Harris had made mistakes as a first-time presidential candidate, but not as many as I made as a first-time judge. She failed to offer big, easy-to-understand ideas and themes. She failed to break with Biden on Gaza, and she was in no position to break with him on the border or inflation. Failing to break with Biden on anything at all (“Frankly, nothing comes to mind”) was probably the biggest mistake of a campaign that was otherwise remarkably free of them.

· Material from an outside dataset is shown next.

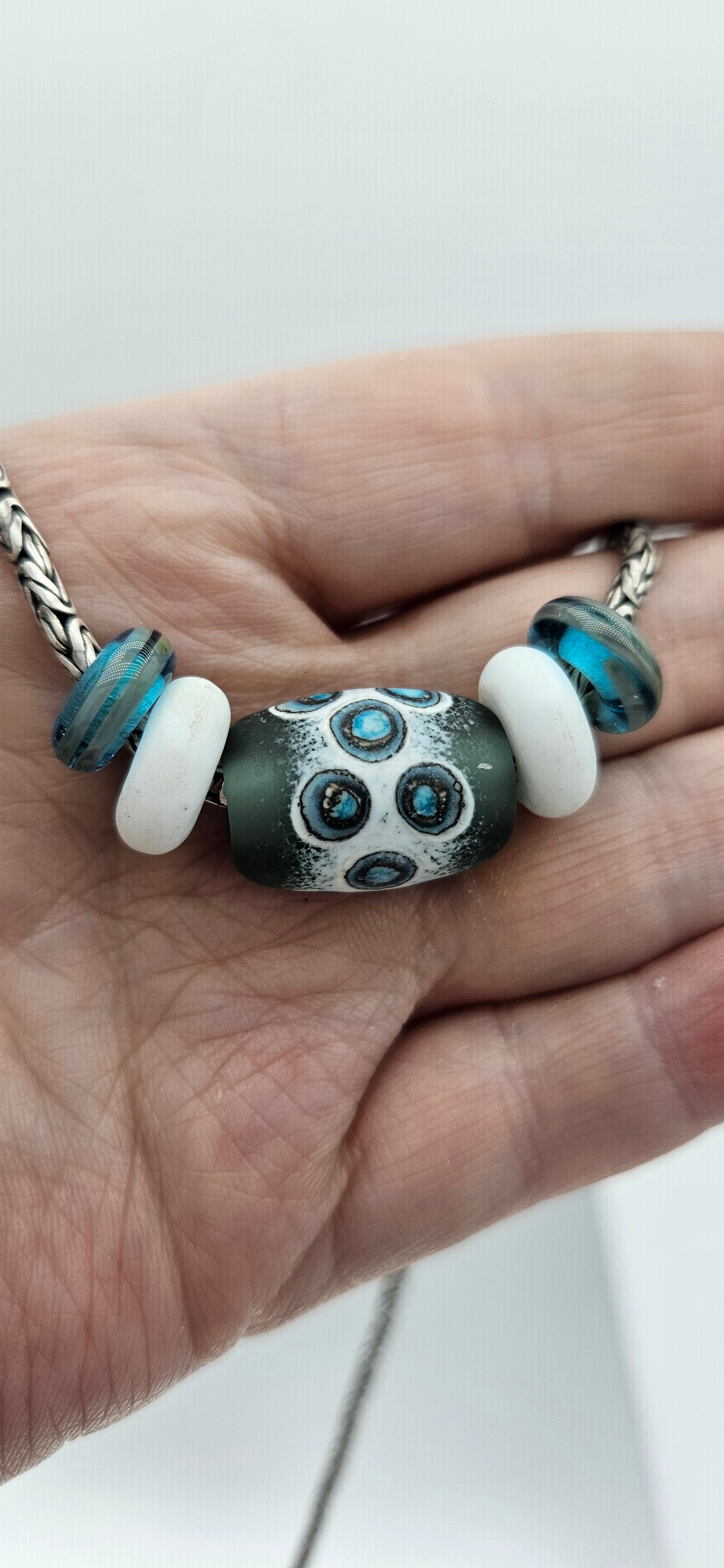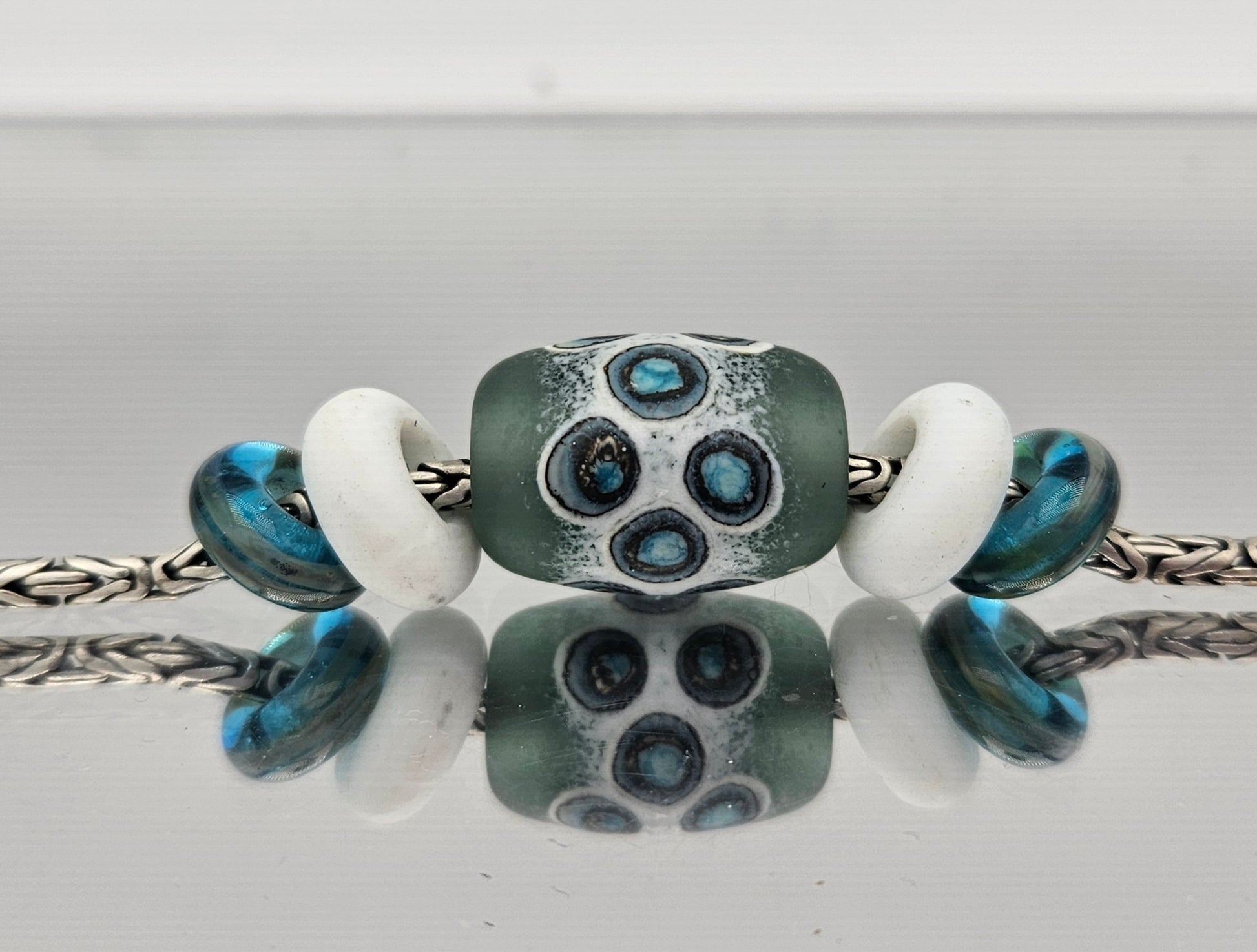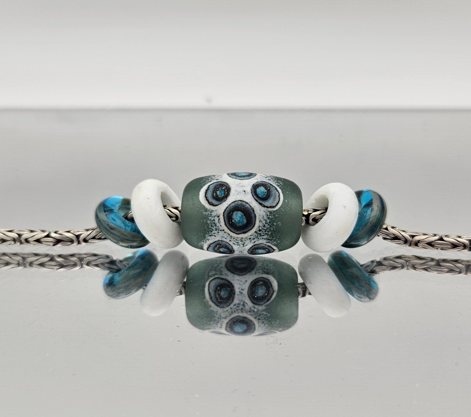 These beads are handmade by the glass artist Julie Burgard.
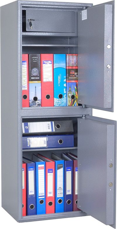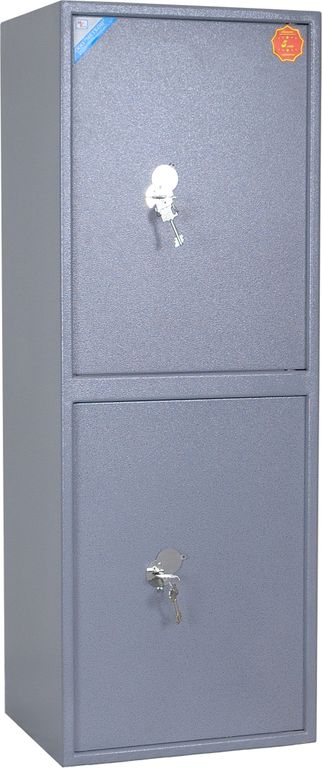 Сейф - двухсекционный, толщина металла корпуса - 2 мм, дверей - 5 мм.

I do think that she could have done more to explain inflation. And she got bogged down in the mechanics of what she would do about it, instead of (as her opponent was wont to do) just promising to fix it. She got people worried about reproductive rights, but she didn’t get enough women to the polls to put her over the top. She never tried to get people worried about Social Security, though today, a mere three days after the election, the headlines are focused on it.
Speaking of the headlines, the media deserves a lot more blame than Harris for this loss, and billionaire dark money even more blame than that (most especially in Senate races in Pa., Tx., Mont., and Ohio). I’ll save those thoughts for another time.
I’ll also save for another day any discussion of a shockingly evident lack of understanding of the election’s stakes, candidates, and processes, and some absolutely basic matters of civics and government that go way beyond the failings of the media and take us down a road of schools, literacy, and education finances. I saw it all summer and fall while canvassing; I saw it on NextDoor; and I saw it in my precinct on election day.
Today I want to say I did all I could, and it wasn’t enough. A lot of good people did all they could, and it wasn’t enough. Harris did all she could, and it wasn’t enough.
And to those people who are saying, don’t give up, the fight continues (Elizabeth Warren and Jon Stewart, I’m looking at yinz), I say, f*** you. Winning this election was a piece of cake compared to what it would take to save democracy now, and everything we did wasn’t enough. If you’re not feeling more than a little despair, you’re just not paying attention.